• **ASSIGNMENT**
Return the lines of the listing below exactly as they appear, beginning at the one with "Три рыбы скумбрии" and stopping after the one with "4、进入设置界面,点击【隐私设置】选项;"; do not include pictures.

• **GIVEN INFORMATION**

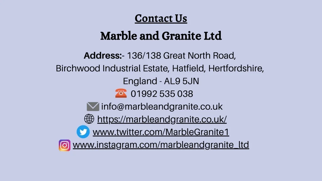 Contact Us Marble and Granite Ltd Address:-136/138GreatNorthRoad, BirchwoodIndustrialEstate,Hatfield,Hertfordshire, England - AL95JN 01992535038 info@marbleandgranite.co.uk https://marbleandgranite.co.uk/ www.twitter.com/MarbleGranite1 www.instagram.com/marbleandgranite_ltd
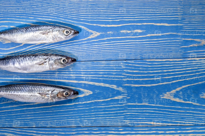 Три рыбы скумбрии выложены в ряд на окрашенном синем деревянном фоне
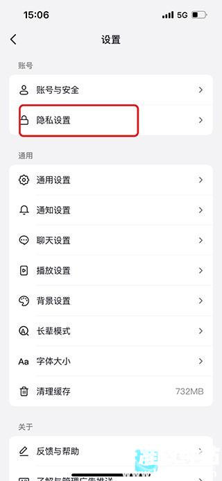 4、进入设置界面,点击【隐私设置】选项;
* * *
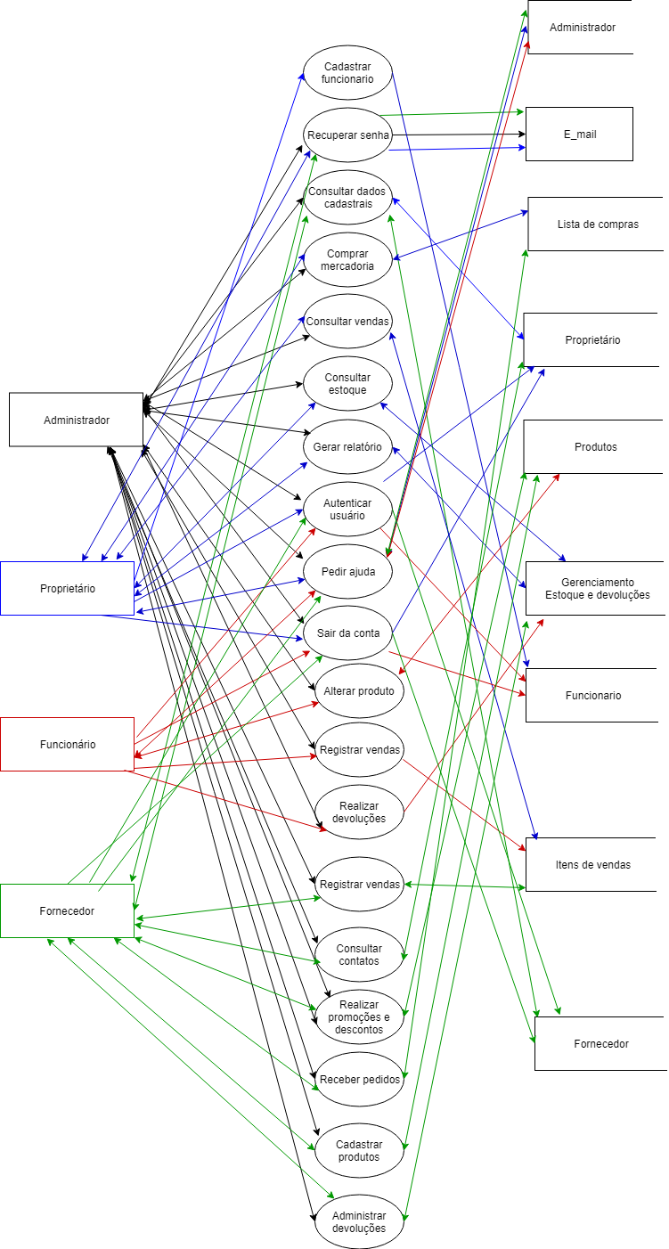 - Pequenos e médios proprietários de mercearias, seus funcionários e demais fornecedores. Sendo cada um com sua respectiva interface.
--
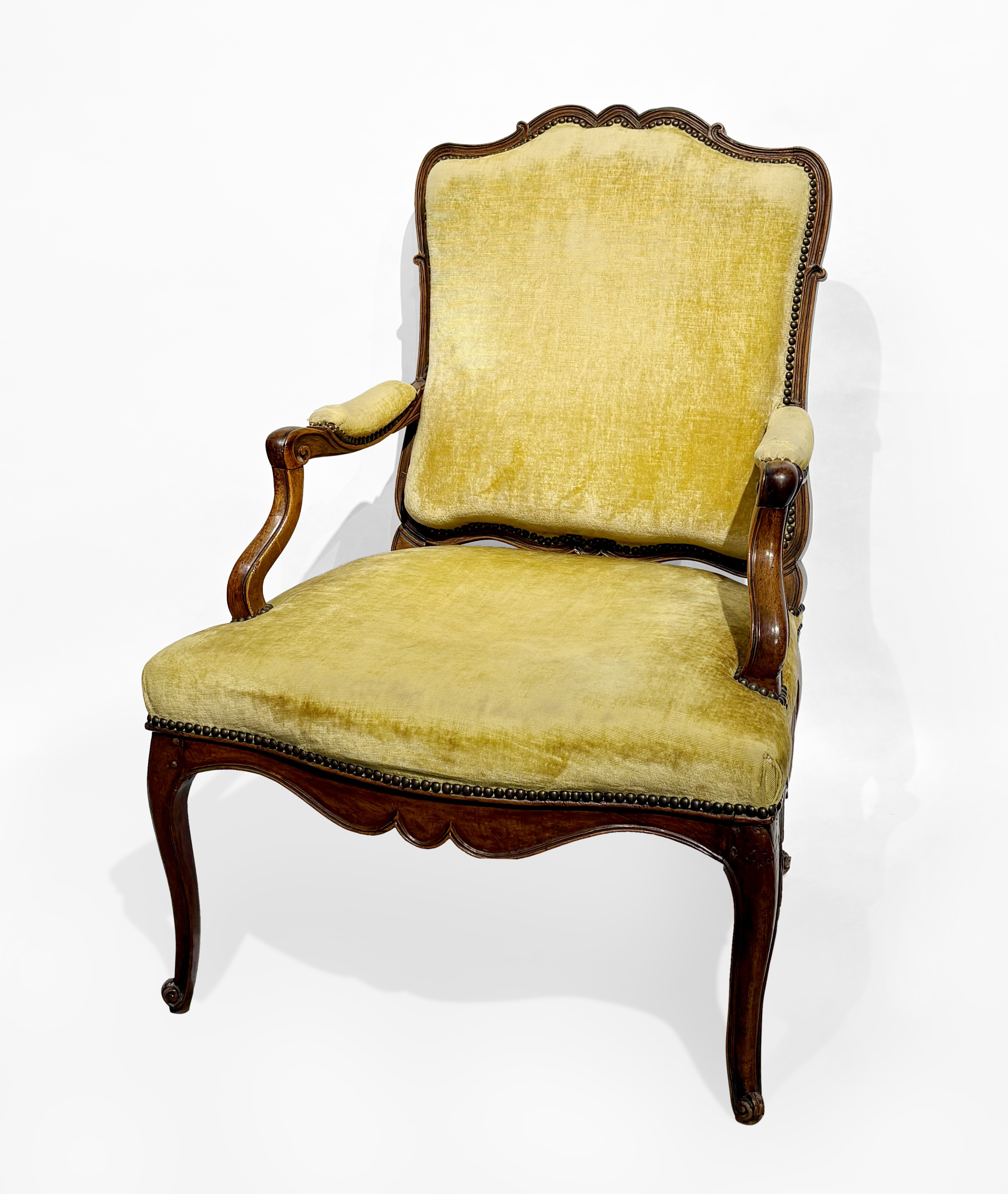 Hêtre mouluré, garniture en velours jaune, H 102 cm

• **OUTPUT OF THE EXERCISE**
 Три рыбы скумбрии выложены в ряд на окрашенном синем деревянном фоне
 4、进入设置界面,点击【隐私设置】选项;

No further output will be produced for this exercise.